Bullock joined the College in August after spending the pandemic working at the Indiana Biosciences Research Institute and Indiana University School of Medicine, where she collaborated with chemists, biologists, doctors and other researchers to develop medicines that can simulate the positive effects of exercise for paraplegics and others unable to engage in physical activity themselves. She loved the challenging work and environment, but she missed the classroom.

“I love teaching. Getting to help students practice their skills and figure out why they love science and to have that student interaction was not something I was able to find in a strictly research setting,” Bullock recalls.

She was interested in leaving Indiana University, where she’d received her Ph.D. in 2019, for sunnier climes and had spent many years vacationing in the Tampa Bay area, which put Eckerd College on her radar for possible next moves.

“I also love the beach. I knew I wanted to be somewhere in driving distance from the coast,” Bullock says. “When I pulled out a map and started to look, Eckerd really stood out. It was a small liberal arts college. I wanted to work closely with students in a place that was great to live in. So I waited for a job ad to appear.”

When it did, Bullock applied and did her interviews virtually, immediately taken by the friendliness of the community—even via Zoom. “A professor actually carried me down the hall on a laptop, and other faculty were waving hello and speaking to me as we passed by,” she remembers.

Bullock says she’s always been fascinated by biology because it presents a puzzle to solve about how life works.

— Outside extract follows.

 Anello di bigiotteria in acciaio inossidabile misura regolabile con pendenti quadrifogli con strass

Her middle school dream was to be a veterinarian; however, an introduction to laboratory research sent her on the path to professorship. Her research interests focus on bone and muscle and how activity affects bone health and influences conditions such as osteoporosis. She’s working on developing a course on endocrinology geared toward biology students.

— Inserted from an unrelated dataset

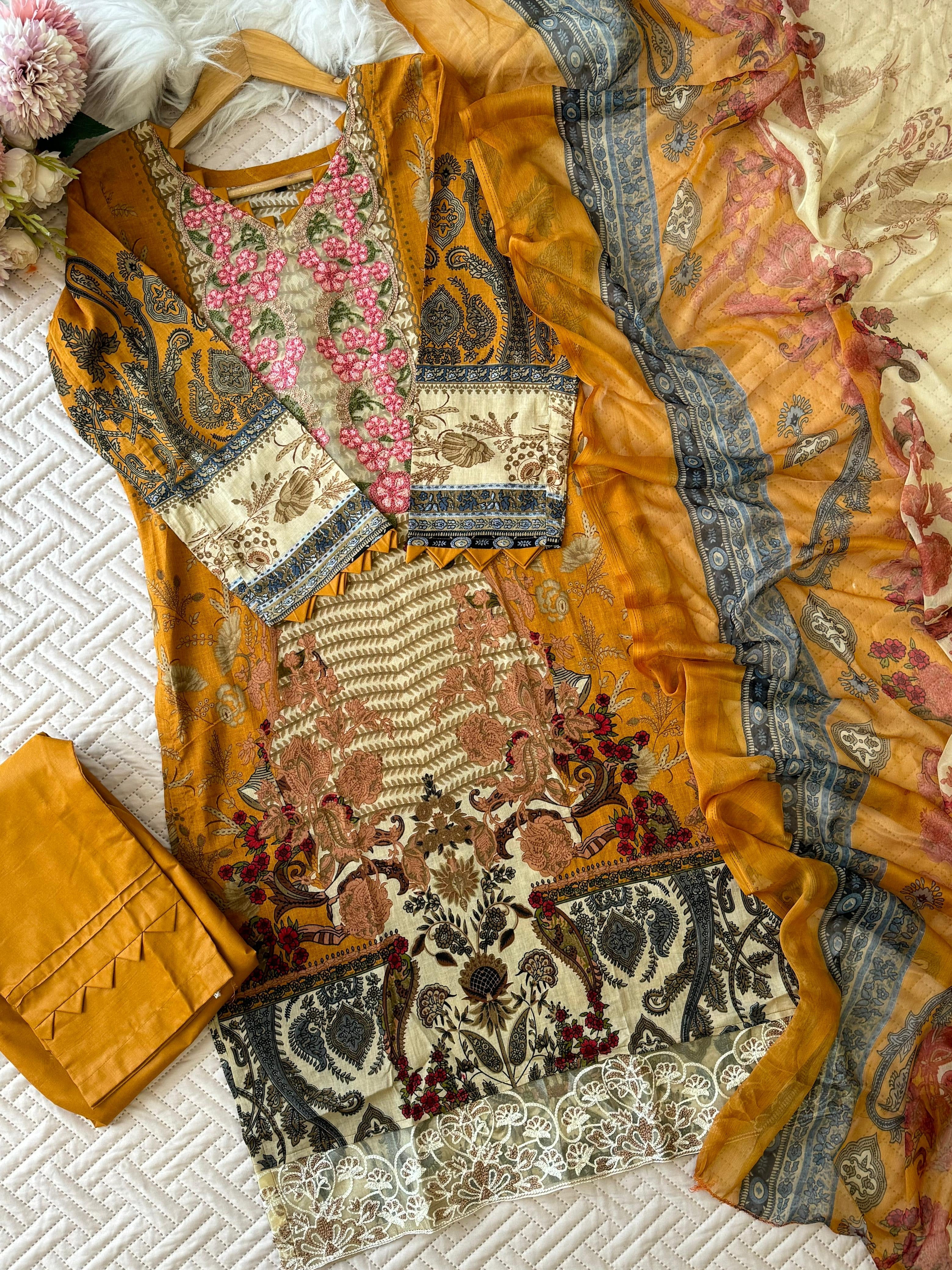 A stunning yellow salwar kameez with intricate floral and paisley prints in shades of pink, blue, and brown. The outfit includes a kameez (top) with detailed embroidery on the neckline and lacework at the bottom, matching yellow salwar (pants), and a beautifully printed dupatta (scarf).

Until then, she may have her hands full teaching “Cells and Genes” and “Genetics and Molecular Biology” courses, serving as a co-sponsor for the Science Outreach Club, getting to know more about Eckerd and its students, and continuing her research. Her lab, where she continues her work studying the effects of manual stimulation on bone health, is staffed with Eckerd students eager to learn who are encouraged to design their own independent research projects.

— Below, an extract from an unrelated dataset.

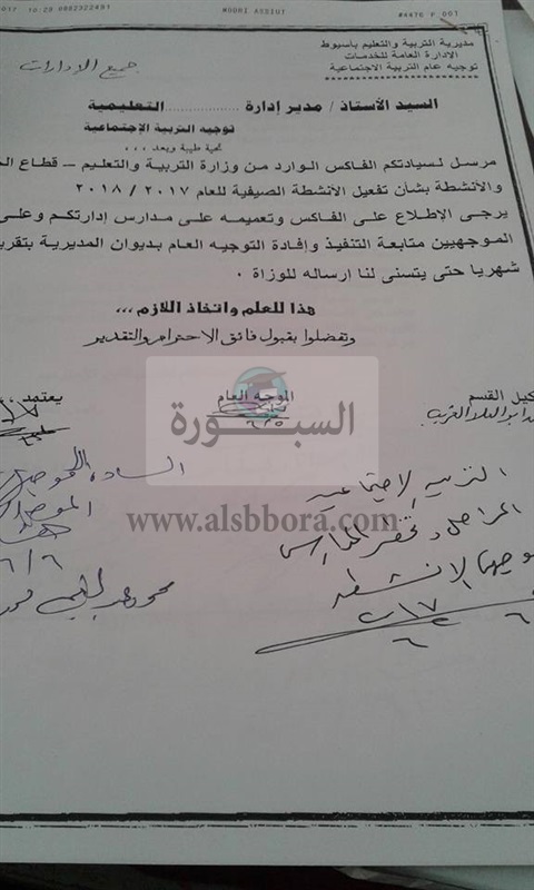 بالمستندات| "التعليم" ترسل فاكسا هاما الى المديريات والادارات التعليمية ومديرى المدارس

Professor and student look at sample of water together

“I really enjoy her class because it is more catered to my study style of doing further reading for understanding outside of class,” said Aarushi Gandhi, a sophomore biology student from Bangalore, India, and president of the Science Outreach Club. “It’s also great that she worked at [Indiana University’s] medical school and that she has those connections to bring to pre-health students. She is aware of the kinds of things we’ll need to know and have on our resumes if we want to go to medical school.”

Aarushi also was one of four students who adapted one of Bullock’s presentations to share with Pinellas County elementary schoolchildren at October’s St. Petersburg Science Festival. The video What Odd Teeth You Have! synthesized college-level information about the size, shape and purposes of animal teeth to show evolutionary relationships.

“It’s one of the presentations I’ve done before, so I asked if any students wanted to adapt it,” Bullock says. “Science communication is critically important because being able to speak with the general public about science has become more important than ever.”

The Science Festival was one of many chances Bullock works into her curriculum for students to polish their science communication skills. They are required to write a persuasive paper on an ethical topic in genetics and are asked to give 30-second presentations explaining a genetics topic in the news. All the experience adds up to making them more comfortable explaining the processes and outcomes. It also foments questions, the basis of all scientific research.

“When we were sampling water out at Saunders Point, there was a bike sunken just off the seawall that looked to have been there awhile,” Bullock says. “I wonder what that will mean for the bacteria in that water sample.”